What has captured the interest of global media has been our analysis of Twitter content.

Cristianini  is passionate about the work. “We were able to measure patterns of media-content similarity across the 27 EU countries; detect gender bias in the media, compare the readability of various newspapers; extract the key political relations among actors in the US Elections,” he says. ”But what has captured the interest of global media has been our analysis of Twitter content.”

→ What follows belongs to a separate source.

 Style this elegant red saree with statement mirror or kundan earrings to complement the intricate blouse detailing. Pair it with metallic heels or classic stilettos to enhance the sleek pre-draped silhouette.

This recent analysis focussed on public sentiment. Traditionally, the only way to assess the mood of the general public was to question a large number of people about their feelings. Cristianini’s team decided to focus on Twitter – commonly used by people to express their feelings on everything and anything. 484 million tweets that were generated by more than 9.8 million users were collected from the 54 largest cities in the UK between July 2009 and January 2012. Their system tracked four moods: “Fear”, “Joy”, “Anger” and “Sadness” by counting frequencies of words associated with each mood in the tweets. Using this method they recorded the changes in moods in different UK cities over time.

The results were fascinating. There was a periodic peak of joy around Christmas and a periodic peak of fear around Halloween. Negative moods started to dominate the Twitter content after the announcement of massive cuts in public spending on October 2010, with the effect continuing from then onwards. Most interestingly, there was a significant increase in anger in the weeks before the summer riots of August 2011. There was also a possible calming effect coinciding with the run up to the royal wedding. Perhaps ironically, these research results became big news, reported in media around the world. Social scientists have found the work of great interest.  “We have been in touch with various social scientists,” says Cristianini, “many of whom are both fascinated and slightly worried about the possibilities. We are now collaborating with some of them.”

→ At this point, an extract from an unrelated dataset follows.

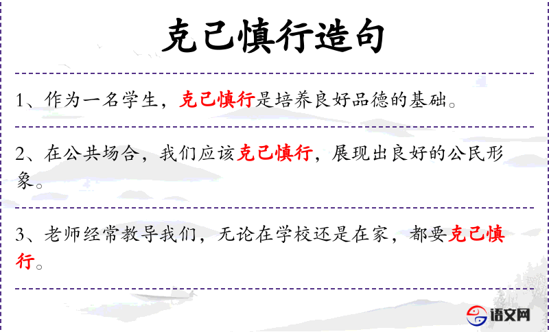 句子:“作为一名学生,克己慎行是培养良好品德的基础。”
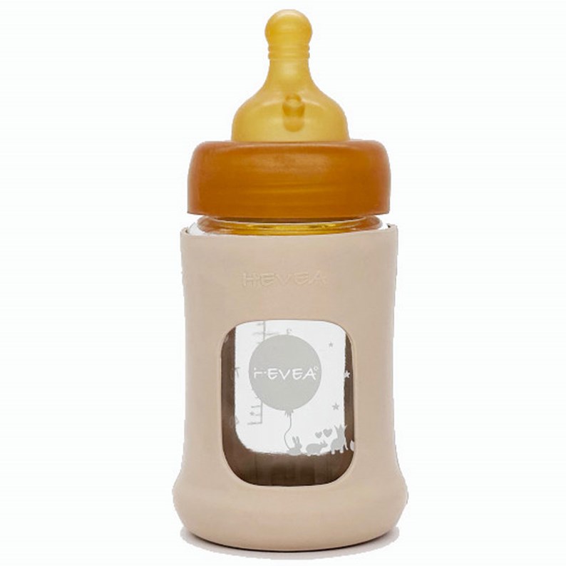 Le Biberon Sand 150ml de HEVEA est composé d'un biberon en verre borosilicate qui est reconnu pour sa grande résistance, d'une tétine et d'une housse anti-choc en caoutchouc d'hévéa 100% naturel ainsi que d'une bague et d'un capuchon hermétique.

The future looks bright for this technology. Cristianini has big ambitions. “With the right amount of funding, we could monitor topics and sentiment in all key news outlets as well as radio stations,” he says. “We could probably access information in images too. There is a lot that would be exciting to do.”

News Outlets Analysis and Monitoring System

NOAM is centred around a database, which is populated by a web pipeline and by a statistical machine translation module, operating on multilingual news content. It is a data management system that autonomously generates parts of its contents, for example by translation and annotation. Its architecture is modular, with modules including:

  • Pre-defined lists of news feeds are crawled, in RSS or Atom format, to provide the content of news outlets of interest. News feeds contain links to the article bodies. An HTML scraper identifies and collects the textual article content from each of the article webpages. The crawler tags these newly discovered articles with a set of tags that will enable other modules to work on them, such as the language of article.
  • All non-English articles are translated into English using a statistical machine translation approach. Currently all 21 main EU languages are translated.
  • Topic Taggers. The topic of articles is discovered using topic classification based on Support Vector Machines.
  • Articles are clustered into stories (sets of articles that discuss the same event).
  • Suffix Tree. Frequent phrases (memes) and significant events are detected using a suffix tree.
  • Entities Detection. Named entities present in articles are detected (people, organisations and locations).
  • Feed Finder. The addition of new feeds into the system is performed in a semi-automatic way. This module crawls the Internet and tries to discover new outlets and corresponding feeds. The outlets and feeds have to be confirmed and annotated manually for addition to the system.